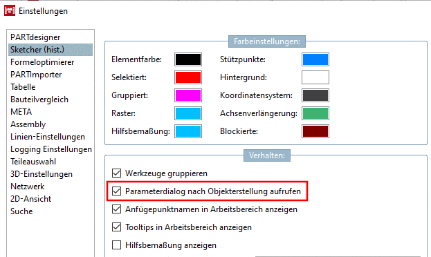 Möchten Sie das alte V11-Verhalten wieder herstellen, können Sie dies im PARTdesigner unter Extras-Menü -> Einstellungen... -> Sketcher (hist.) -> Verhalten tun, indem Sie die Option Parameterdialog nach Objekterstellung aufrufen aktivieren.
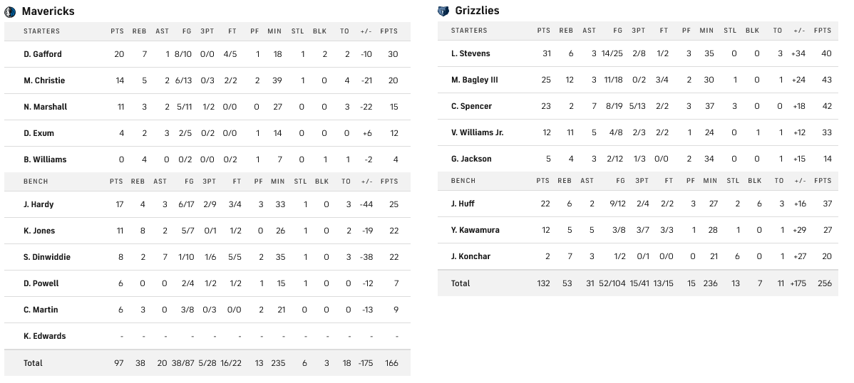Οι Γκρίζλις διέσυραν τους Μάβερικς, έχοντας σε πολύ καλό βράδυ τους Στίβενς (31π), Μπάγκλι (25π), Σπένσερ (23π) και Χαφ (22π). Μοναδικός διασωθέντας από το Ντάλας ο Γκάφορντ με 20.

---

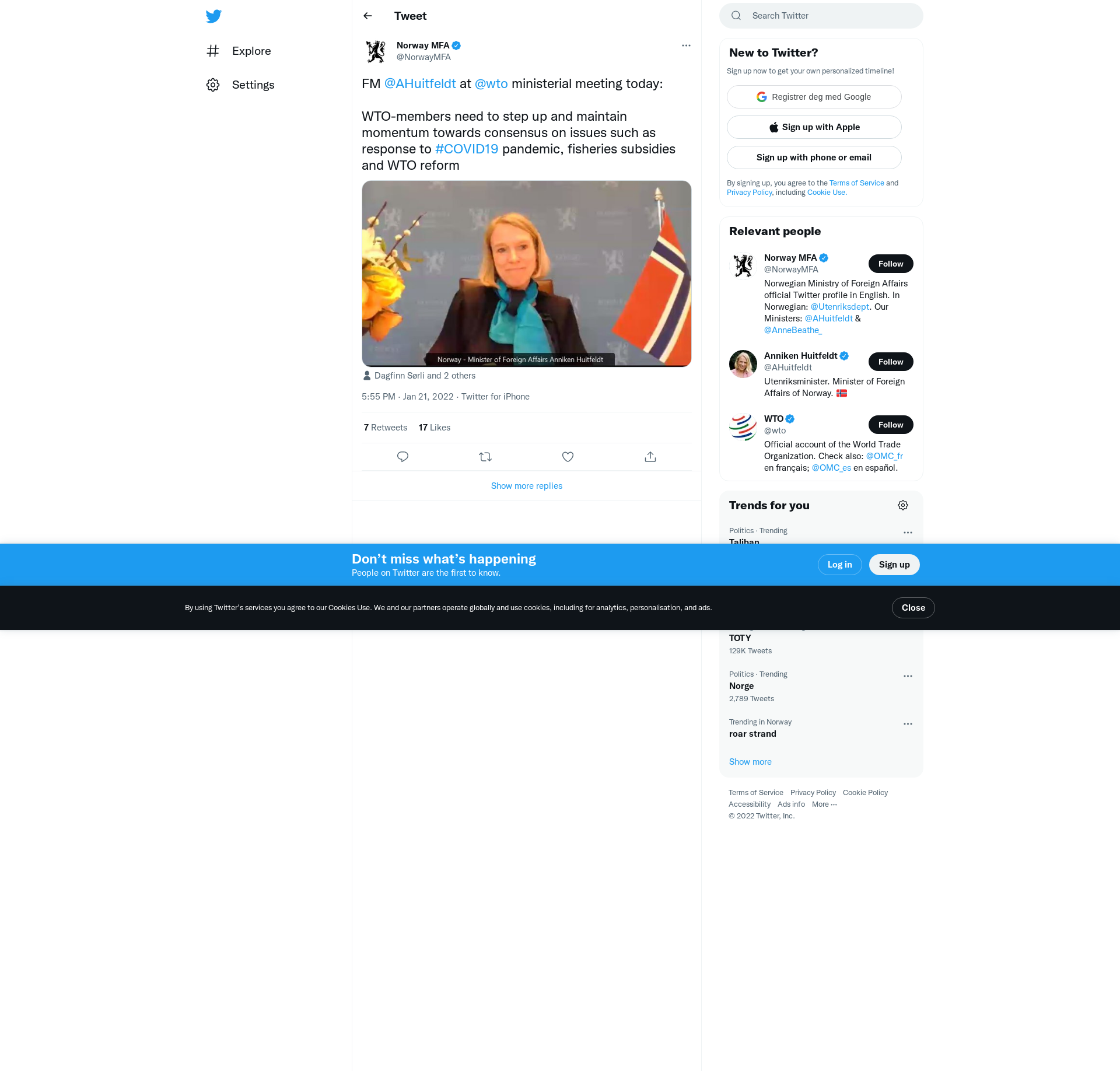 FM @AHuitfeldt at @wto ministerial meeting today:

[Instructions for the task] Starting at the line above that has "Möchten Sie das" and ending at the line that has "Οι Γκρίζλις διέσυραν", copy each line exactly, leaving the pictures out and adding nothing.

[Written reply]
 Möchten Sie das alte V11-Verhalten wieder herstellen, können Sie dies im PARTdesigner unter Extras-Menü -> Einstellungen... -> Sketcher (hist.) -> Verhalten tun, indem Sie die Option Parameterdialog nach Objekterstellung aufrufen aktivieren.
Οι Γκρίζλις διέσυραν τους Μάβερικς, έχοντας σε πολύ καλό βράδυ τους Στίβενς (31π), Μπάγκλι (25π), Σπένσερ (23π) και Χαφ (22π). Μοναδικός διασωθέντας από το Ντάλας ο Γκάφορντ με 20.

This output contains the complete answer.